Hold violation is caused if data comes faster. So process should be faster, voltage should be maximum and temperature should be minimum.


Now if setup and hold are checked in worst corners, then the chip should work in every scenario. Still we check them in typical corners because we need to analyse power consumption. Refer following table for the worst case scenarios for setup and hold.



Table: Worst Scenarios for setup and hold


On Chip Variations (OCV):

Variations are of two types:


1. Global variations:


These are PVT variations that depend on external factors like Process, Supply Voltage and Temperature. ICs are fabricated in batches and hence exhibit die to die variations. Some exhibit strong process (fast switching) and weak process (slow switching). These are known as inter-chip variations.


2. Local variations:


Local variations are also variations in PVT, but these are intra-chip variations known as OCV.


Process:


All the transistors in a chip cannot be expected to have the same process. There can be variations in channel length, oxide thickness, doping concentration, metal thickness etc due to imperfections in manufacturing process like mask print, etching etc.


Voltage:


The supply voltage reaching the power pins will not be the same for all standard cells. The power network has a finite resistance. Consider two cells, one which is placed closer, and other placed far. As the interconnect length for the farther cell is more, it has more resistance and results in a higher IR drop, thereby reducing the supply voltage reaching the cell. As the voltage is less, this cell has more delay than the cell which is placed closer.


Temperature:


The transistor density within a chip is not uniform. Some regions of the chip have higher density and higher switching, resulting in a higher power dissipation. Hence the junction temperature at these regions are higher, forming localized hot spots. This variation in temperature across the chip can result in different delays.


How do you account these variations?


As a result of OCV, some cells may be fast or slow than expected. If these variations are not accounted, results may be pessimistic and can lead to setup or hold violations. In order to model these, we introduce derates. Timing derates are multiplied with the net delay and cell delay for the launch and capture clock paths. This is given as say x%. Let us consider a timing derate of 8% and how it is accounted in setup and hold analysis.


Setup analysis:


Setup check is done in worst case. The setup check is more pessimistic when the launch clock reaches late than the capture clock. Here we multiply the launch path delays with late derate of 1.08 and the capture path delays with an early derate of 0.92.


Hold analysis:


Hold check is done in best case. Hold check is more pessimistic when the launch clock reaches early than the capture clock. Here we multiply the launch path delays with an early derate of 0.92, and capture path delays with a late derate of 1.08.



Figure 4: Timing analysis with CRPR


Consider the above path from FF1 to FF2. For setup analysis, as per the previous example, a late derate of 1.08 is applied for the launch path and an early derate of 0.92 is applied for the capture path. But what is the problem here?

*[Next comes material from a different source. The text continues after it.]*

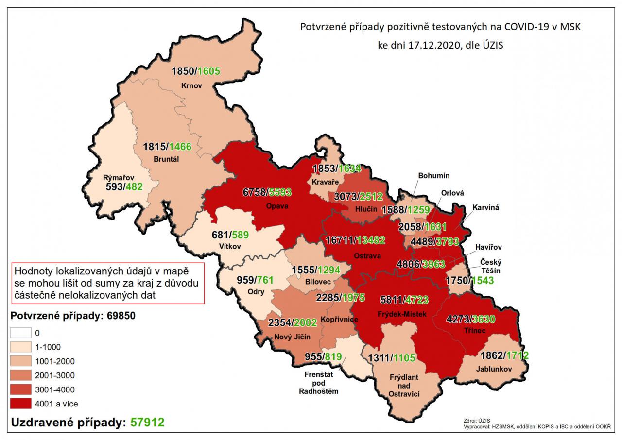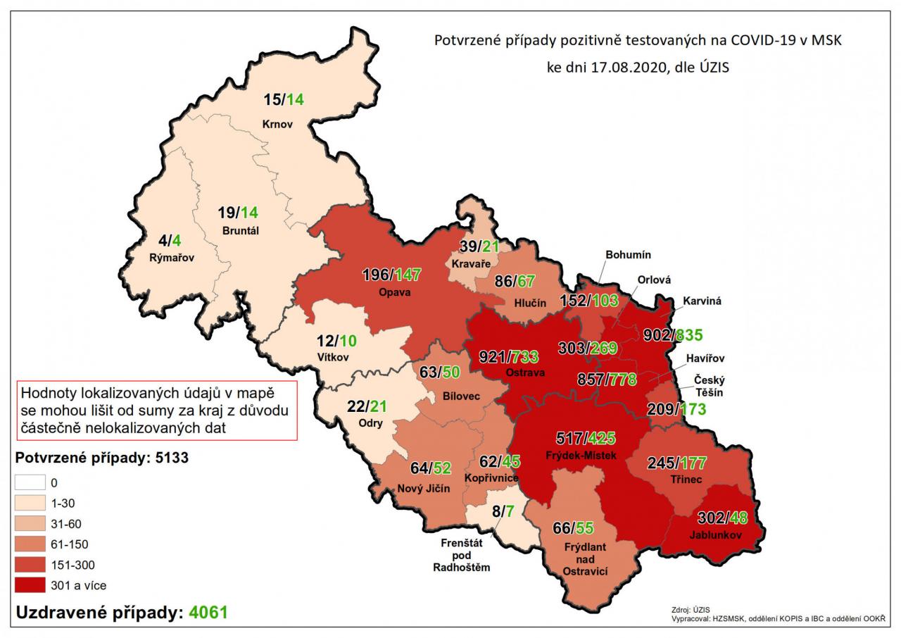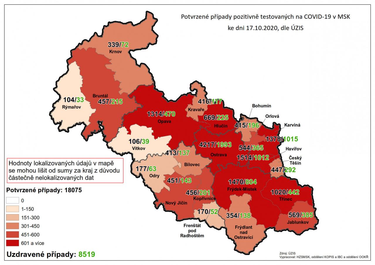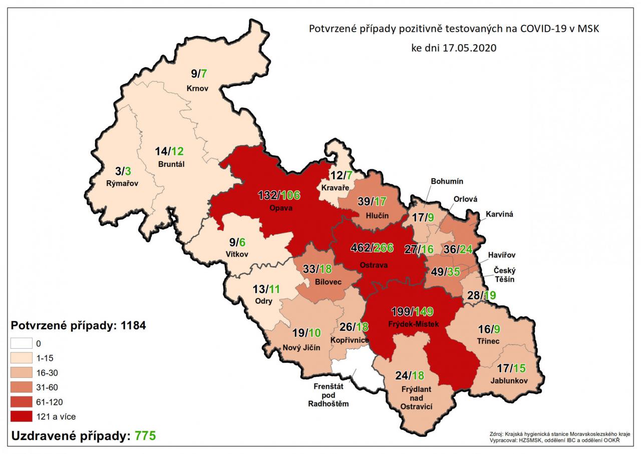 Potvrzené případy testovaných na COVID-19 v MSK 17

The launch clock path and the capture clock path share a portion of the clock tree (B1, B2) and then diverge from the common point. This common path delays are multiplied with different derates (early and late), resulting in different delays. These cells have max delay in launch path and min delay in capture path. The same cell cannot have different delays at the same time. This results in additional pessimism which has to be removed. Here comes the need for Clock Re-convergence Pessimism Removal (CRPR) or Common Path Pessimism Removal (CPPR). This pessimism value is the difference between the max and min delay at the common clock path. To reduce pessimism, CRPR is added to required time in setup analysis and subtracted from required time in hold analysis.